WASHINGTON — Indigenous activists from Oklahoma gathered in the nation’s capital this week for The People vs. Fossil Fuels, a weeklong rally to urge President Joe Biden to stop pending fossil fuel projects and declare a climate emergency.
Casey Camp-Horinek, councilwoman and hereditary drumkeeper of the Womens’ Scalp Dance Society of the Ponca Tribe of Oklahoma, and JoKay Dowell, who is an Indigenous Environmental Network organizer and a citizen of the Cherokee Nation, were among those who started protesting Monday, when the rallies officially began.
This story was reported by Gaylord News, a Washington reporting project of the Gaylord College of Journalism and Mass Communication at the University of Oklahoma.
“We have to stop selling out to the corporations and protect the people who are what this country is all about,” Dowell said.
Black Tiger, a cultural preservationist and Indigenous hip-hop artist who belongs to the Pawnee and Seminole nations, arrived in Washington last Friday to perform at an Indigenous Peoples Day event. He stayed to support the rally and said organizers asked him to perform.
“I wanted to be there to support, to stand in solidarity with people at the event in regards to protecting Mother Earth and protecting the water,” Tiger said.

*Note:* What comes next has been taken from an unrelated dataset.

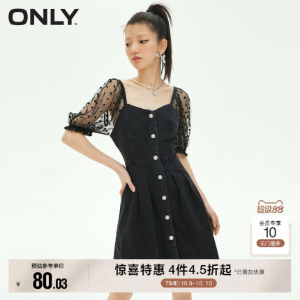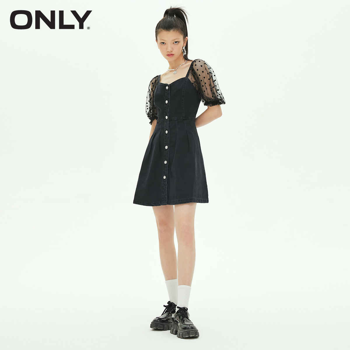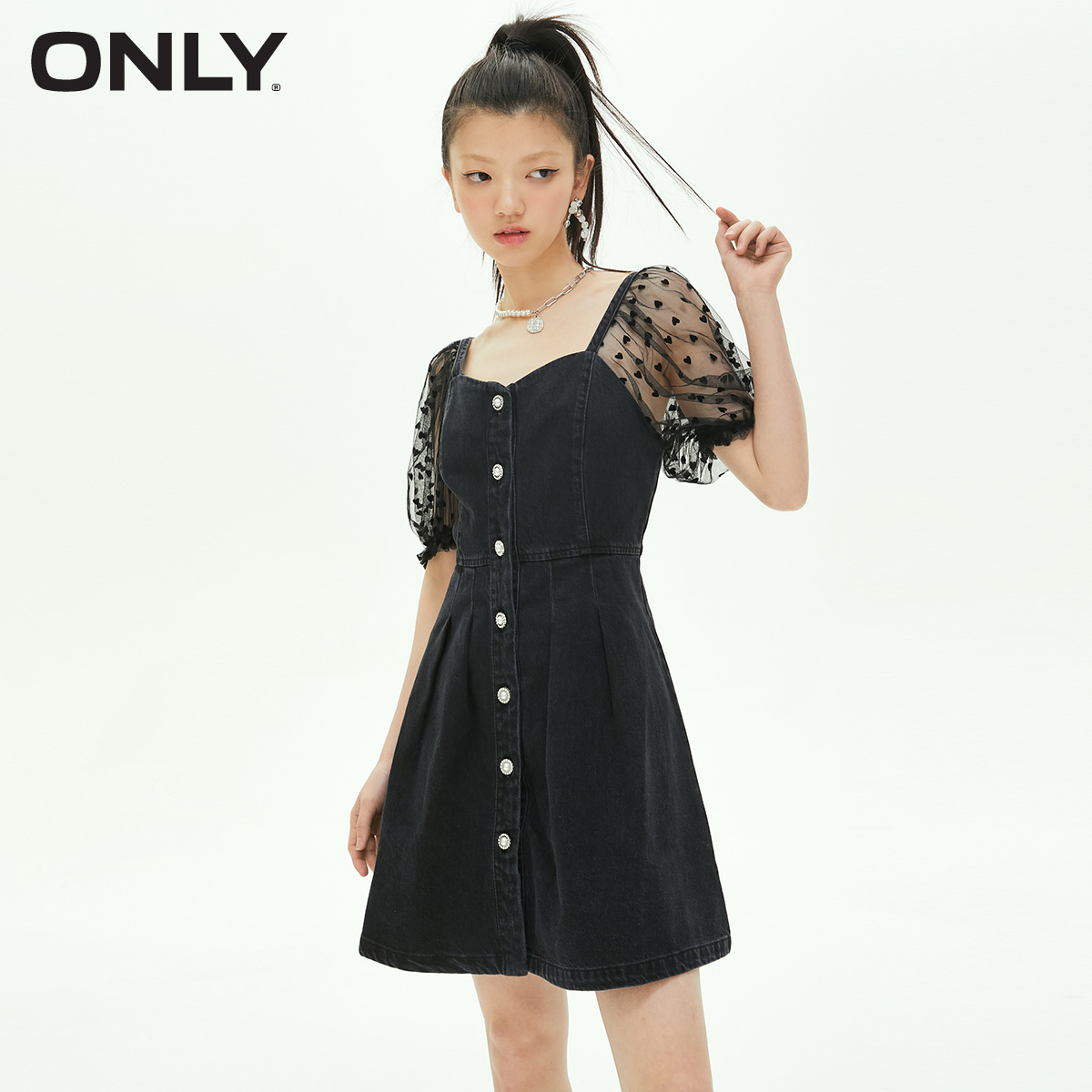 【ONLY奥莱】夏季复古灯笼袖牛仔连衣裙女

The People vs. Fossil Fuels demonstration was organized by Build Back Fossil Free, a coalition of grassroots organizations that has brought together hundreds of Indigenous, Black and Latino environmental activists and allies from across the country to demand the government take action against climate change.
“We urge Biden to declare a climate emergency. In fact, it needs to be a global emergency declared by the United Nations,” said Camp-Horinek. “Oklahoma is the seed of the petroleum money that is fueling this climate crisis.”
Biden ‘promised he would listen to us’
In the past, Camp-Horinek has fought for Indigenous rights and against fracking, pipelines and plastics facilities in Oklahoma. According to the rally’s website, she is one of the primary mobilizers of the event.
On Tuesday, protesters gathered at the White House and, later, in front of the U.S. Army Corps of Engineers headquarters, where hundreds protested the recently completed Enbridge expanded Line 3 pipeline, which passes through Oklahoma.
At Tuesday’s rally, Tiger sang a song written in 2017 during an oil pipeline protest at Standing Rock, “Nawa mni wiconi tatacikstahu.” He said it is about two tribes, the Pawnee and Lakota, who are ancient enemies but are camping together in order to fight a common enemy.
The song, Tiger said, represents unity between the tribes’ languages, which allows the tribes to camp in peace.
If the Biden administration allows the 21 major fossil fuel infrastructure projects currently under federal review to move forward, the emissions equivalent of 316 new coal-fired power plants would be added, according to a new report from Oil Change International, a fossil fuels activism group.
“With the power of a pen, President Biden could stop these pipeline projects. He promised he would listen to us. He’s not listening. We’re coming every day of this week to tell Biden: Stop this madness,” said Joye Braun of the Indigenous Environmental Network.
Tiger said Indigenous people have suffered many lies and many broken treaties at the hands of the U.S. government, and that it seems like the Biden administration is “just talk, no action.”
“The power of the people in government is rooted in land theft, and so can they give that up? Because their addiction to it is so deep, fighting for that change seems like a long battle. It’s not going to happen overnight,” Tiger said. “If our people keep standing up for what’s right and for all the creations, the land and the water, I believe in time things will change.”
On Wednesday, Dowell said the government must take immediate action against the climate crisis because communities are losing their water sources, the weather has become more extreme, and there is a point of no return.
The rally concluded on Friday with a march to the Capitol.